To further substantiate the induced change in methylation status, we analyzed the three T-325 cell lines by methylation-specific PCR (MSP), an assay commonly applied in the clinical setting (1) (Figure 1C). Visualizing the MSP products on an agarose gel showed bands for the unmethylated PCR product in T-325 wildtype cells, while T-325 M.OFF and T-325 M.OFF3 showed bands for both unmethylated and methylated PCR products. This epigenetic modification resulted in a decrease in transcript levels in comparison to the T-325 WT cells for T-325 M.OFF, with an even more pronounced decrease in T-325 M.OFF3 (Figures 1D, E). At the same time, quantification of protein levels with immunoblot showed a reduction of the MGMT protein bands that correlates to the mRNA levels.
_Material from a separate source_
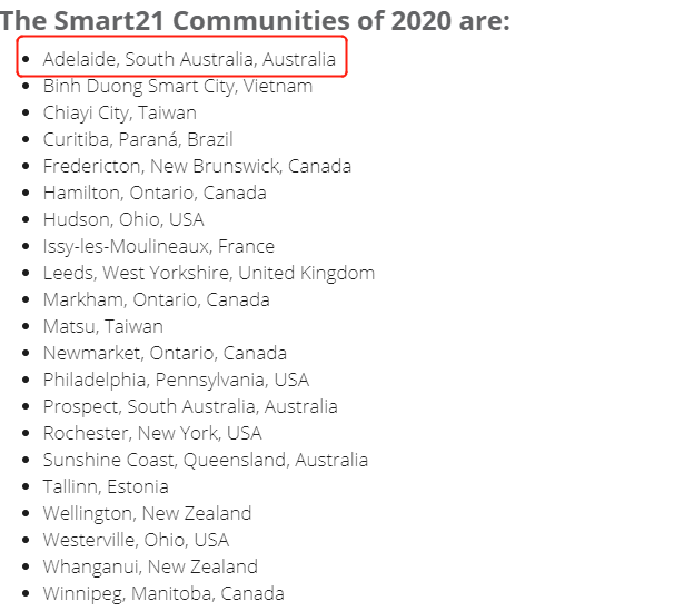 近日,智慧社区论坛(ICF)的“Smart 21”排名新鲜出炉,阿德莱德毫无悬念地在其中赢得一席之地。

We next assessed the relative sensitivity to temozolomide in the T-325 and LN-18 cell lines. A strong decrease in the EC50 for temozolomide was observed after introducing the MGMT promotor region methylation for both cell lines. In T-325 cells, the TMZ EC50 decreased from 250 µM to 150 µM and 20 µM (T-325 WT, T-325 M.OFF, T-325 M.OFF3), while LN-18 cells experienced a similar reduction in their TMZ EC50 from 200 µM to 10 µM (LN-18 WT, LN-18 M.OFF) (Figures 1F, G).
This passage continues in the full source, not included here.